Entries taken from a collection
Segment Open

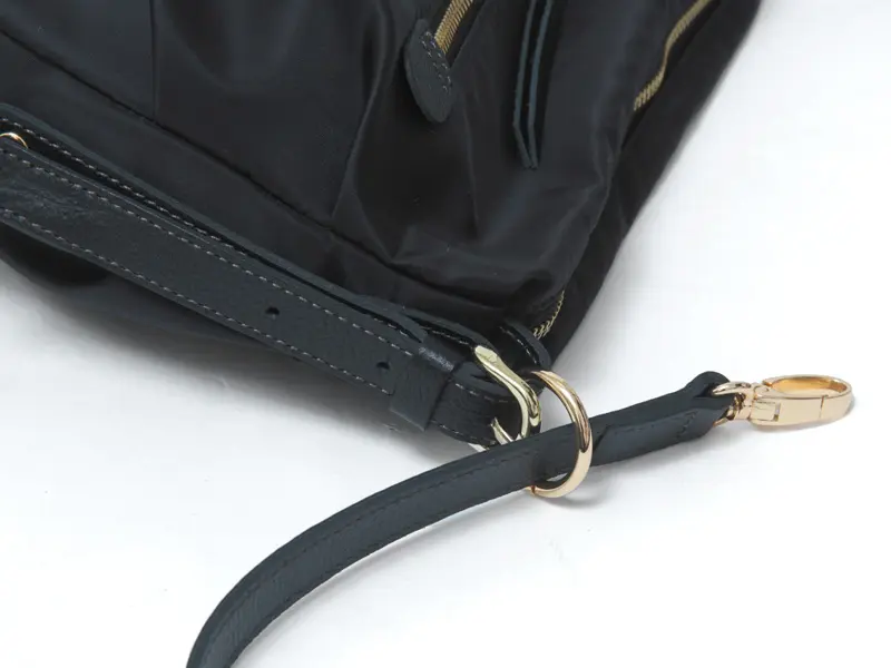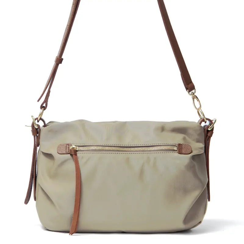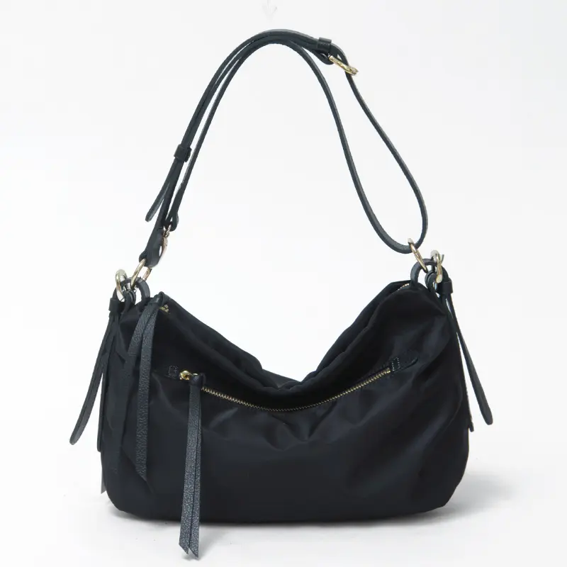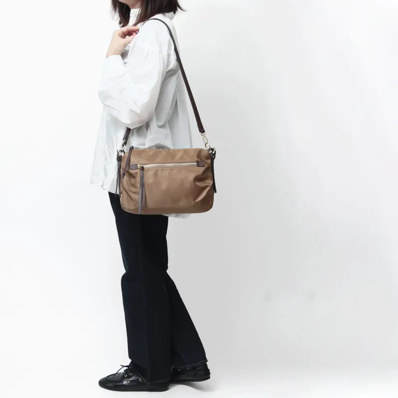 控えめな光沢感のある滑らかなナイロン素材に、レザーのラインを効かせた洗練されたデザインが魅力。シンプルな無地だからこそ、素材の美しさと上質感が際立ち、きれいめにもカジュアルにも自然に馴染みます。軽やかな持ち心地で、日常使いからお出かけまで幅広く活躍する、大人にちょうどいいナイロンバッグです。
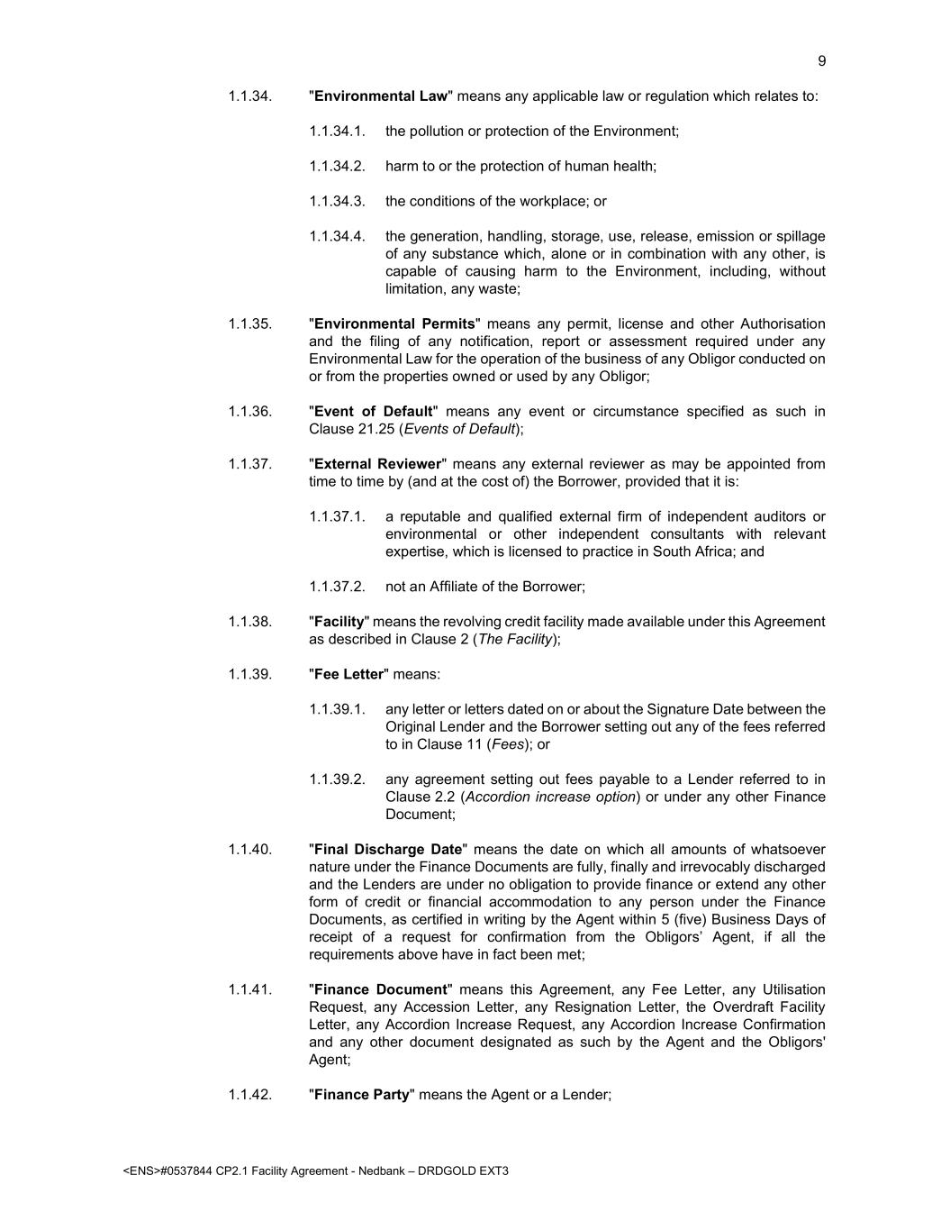 9 <ENS>#0537844 CP2.1 Facility Agreement - Nedbank – DRDGOLD EXT3 1.1.34. "Environmental Law" means any applicable law or regulation which relates to: 1.1.34.1. the pollution or protection of the Environment; 1.1.34.2. harm to or the protection of human health; 1.1.34.3. the conditions of the workplace; or 1.1.34.4. the generation, handling, storage, use, release, emission or spillage of any substance which, alone or in combination with any other, is capable of causing harm to the Environment, including, without limitation, any waste; 1.1.35. "Environmental Permits" means any permit, license and other Authorisation and the filing of any notification, report or assessment required under any Environmental Law for the operation of the business of any Obligor conducted on or from the properties owned or used by any Obligor; 1.1.36. "Event of Default" means any event or circumstance specified as such in Clause 21.25 (Events of Default); 1.1.37. "External Reviewer" means any external reviewer as may be appointed from time to time by (and at the cost of) the Borrower, provided that it is: 1.1.37.1. a reputable and qualified external firm of independent auditors or environmental or other independent consultants with relevant expertise, which is licensed to practice in South Africa; and 1.1.37.2. not an Affiliate of the Borrower; 1.1.38. "Facility" means the revolving credit facility made available under this Agreement as described in Clause 2 (The Facility); 1.1.39. "Fee Letter" means: 1.1.39.1. any letter or letters dated on or about the Signature Date between the Original Lender and the Borrower setting out any of the fees referred to in Clause 11 (Fees); or 1.1.39.2. any agreement setting out fees payable to a Lender referred to in Clause 2.2 (Accordion increase option) or under any other Finance Document; 1.1.40. "Final Discharge Date" means the date on which all amounts of whatsoever nature under the Finance Documents are fully, finally and irrevocably discharged and the Lenders are under no obligation to provide finance or extend any other form of credit or financial accommodation to any person under the Finance Documents, as certified in writing by the Agent within 5 (five) Business Days of receipt of a request for confirmation from the Obligors’ Agent, if all the requirements above have in fact been met; 1.1.41. "Finance Document" means this Agreement, any Fee Letter, any Utilisation Request, any Accession Letter, any Resignation Letter, the Overdraft Facility Letter, any Accordion Increase Request, any Accordion Increase Confirmation and any other document designated as such by the Agent and the Obligors' Agent; 1.1.42. "Finance Party" means the Agent or a Lender;
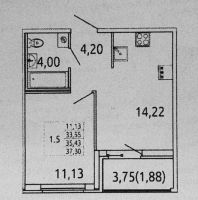Просторная и светлая квартира с кухней-гостиной 14м2 и выходом на лоджию, комнатой 11м2 и санузлом 4м2
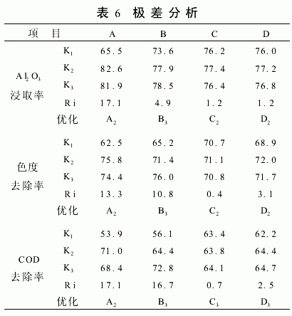 从表6可知,浸取温度对Al2O3浸取率的影响趋势是随温度升高而增大,从70℃升到80℃时影响幅度较大,在80℃时Al2O3浸取率和黑液的色度去除率出现最高点,再升高温度则呈现下降趋势;而COD的去除率到80℃以后,增长幅度较小。因此,浸取温度选择80℃为宜。
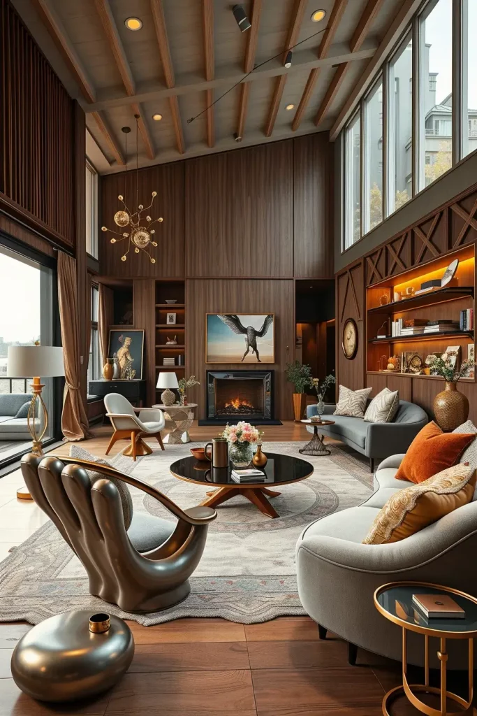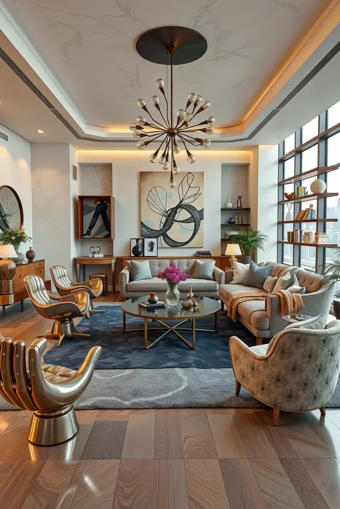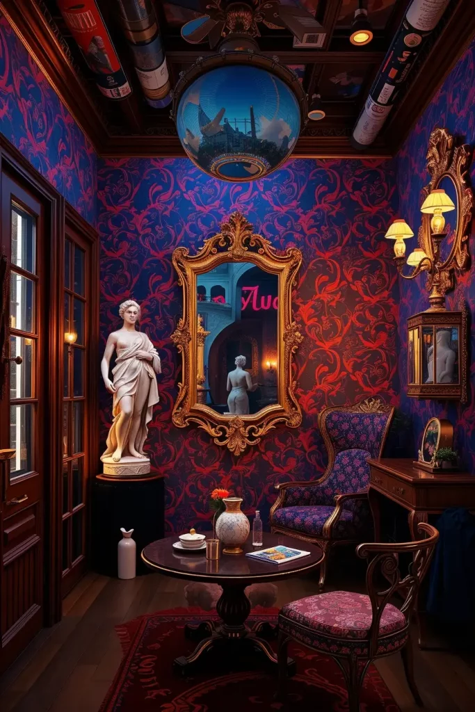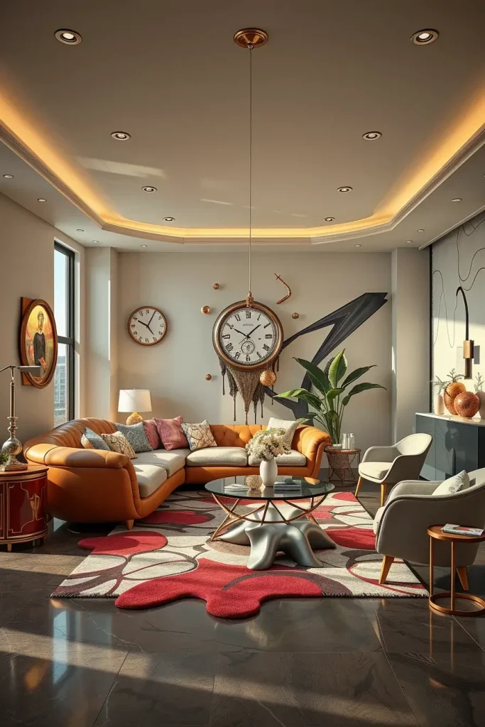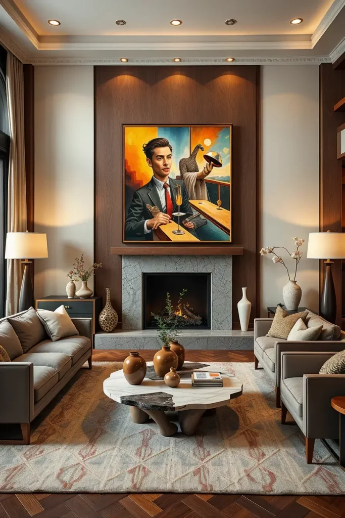 To complement this area, I would also recommend to layer textures, such as metallic finishes on wood or plush upholstery on unusual frames. These facts enhance the surrealist effect and comfort remain at the top.
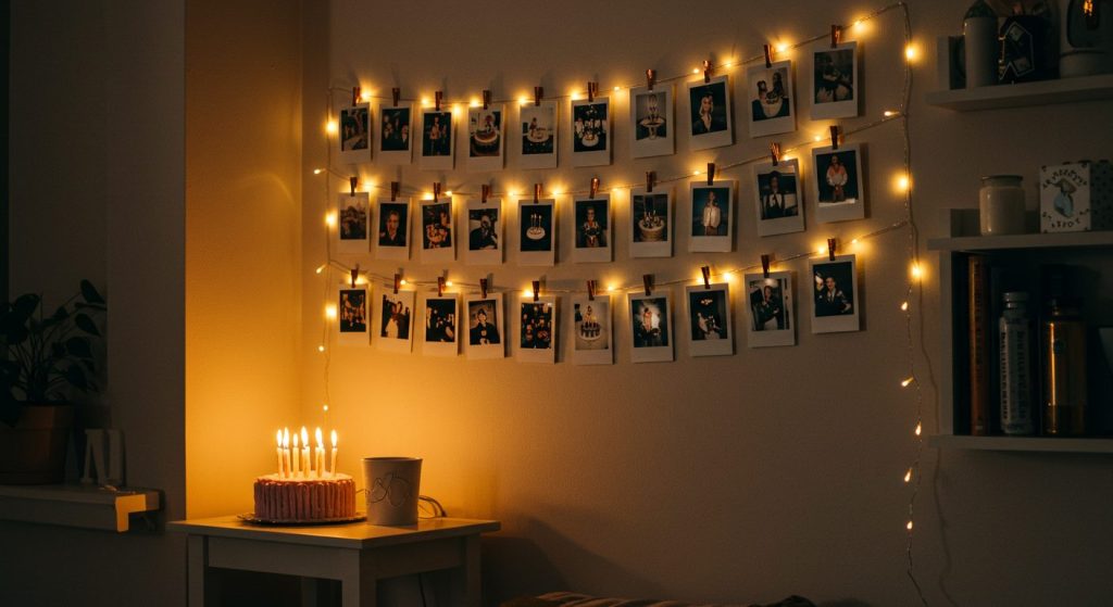 Transform your walls into personalized galleries by hanging string lights with mini clips to display photos of the birthday person. This decoration doubles as ambient lighting and a meaningful trip down memory lane.

Segment Closed

## What to produce:
Quote the data above in full, leaving out the pictures it holds.

## Solved exercise:
 控えめな光沢感のある滑らかなナイロン素材に、レザーのラインを効かせた洗練されたデザインが魅力。シンプルな無地だからこそ、素材の美しさと上質感が際立ち、きれいめにもカジュアルにも自然に馴染みます。軽やかな持ち心地で、日常使いからお出かけまで幅広く活躍する、大人にちょうどいいナイロンバッグです。
 9 <ENS>#0537844 CP2.1 Facility Agreement - Nedbank – DRDGOLD EXT3 1.1.34. "Environmental Law" means any applicable law or regulation which relates to: 1.1.34.1. the pollution or protection of the Environment; 1.1.34.2. harm to or the protection of human health; 1.1.34.3. the conditions of the workplace; or 1.1.34.4. the generation, handling, storage, use, release, emission or spillage of any substance which, alone or in combination with any other, is capable of causing harm to the Environment, including, without limitation, any waste; 1.1.35. "Environmental Permits" means any permit, license and other Authorisation and the filing of any notification, report or assessment required under any Environmental Law for the operation of the business of any Obligor conducted on or from the properties owned or used by any Obligor; 1.1.36. "Event of Default" means any event or circumstance specified as such in Clause 21.25 (Events of Default); 1.1.37. "External Reviewer" means any external reviewer as may be appointed from time to time by (and at the cost of) the Borrower, provided that it is: 1.1.37.1. a reputable and qualified external firm of independent auditors or environmental or other independent consultants with relevant expertise, which is licensed to practice in South Africa; and 1.1.37.2. not an Affiliate of the Borrower; 1.1.38. "Facility" means the revolving credit facility made available under this Agreement as described in Clause 2 (The Facility); 1.1.39. "Fee Letter" means: 1.1.39.1. any letter or letters dated on or about the Signature Date between the Original Lender and the Borrower setting out any of the fees referred to in Clause 11 (Fees); or 1.1.39.2. any agreement setting out fees payable to a Lender referred to in Clause 2.2 (Accordion increase option) or under any other Finance Document; 1.1.40. "Final Discharge Date" means the date on which all amounts of whatsoever nature under the Finance Documents are fully, finally and irrevocably discharged and the Lenders are under no obligation to provide finance or extend any other form of credit or financial accommodation to any person under the Finance Documents, as certified in writing by the Agent within 5 (five) Business Days of receipt of a request for confirmation from the Obligors’ Agent, if all the requirements above have in fact been met; 1.1.41. "Finance Document" means this Agreement, any Fee Letter, any Utilisation Request, any Accession Letter, any Resignation Letter, the Overdraft Facility Letter, any Accordion Increase Request, any Accordion Increase Confirmation and any other document designated as such by the Agent and the Obligors' Agent; 1.1.42. "Finance Party" means the Agent or a Lender;
Просторная и светлая квартира с кухней-гостиной 14м2 и выходом на лоджию, комнатой 11м2 и санузлом 4м2
 从表6可知,浸取温度对Al2O3浸取率的影响趋势是随温度升高而增大,从70℃升到80℃时影响幅度较大,在80℃时Al2O3浸取率和黑液的色度去除率出现最高点,再升高温度则呈现下降趋势;而COD的去除率到80℃以后,增长幅度较小。因此,浸取温度选择80℃为宜。
 To complement this area, I would also recommend to layer textures, such as metallic finishes on wood or plush upholstery on unusual frames. These facts enhance the surrealist effect and comfort remain at the top.
 Transform your walls into personalized galleries by hanging string lights with mini clips to display photos of the birthday person. This decoration doubles as ambient lighting and a meaningful trip down memory lane.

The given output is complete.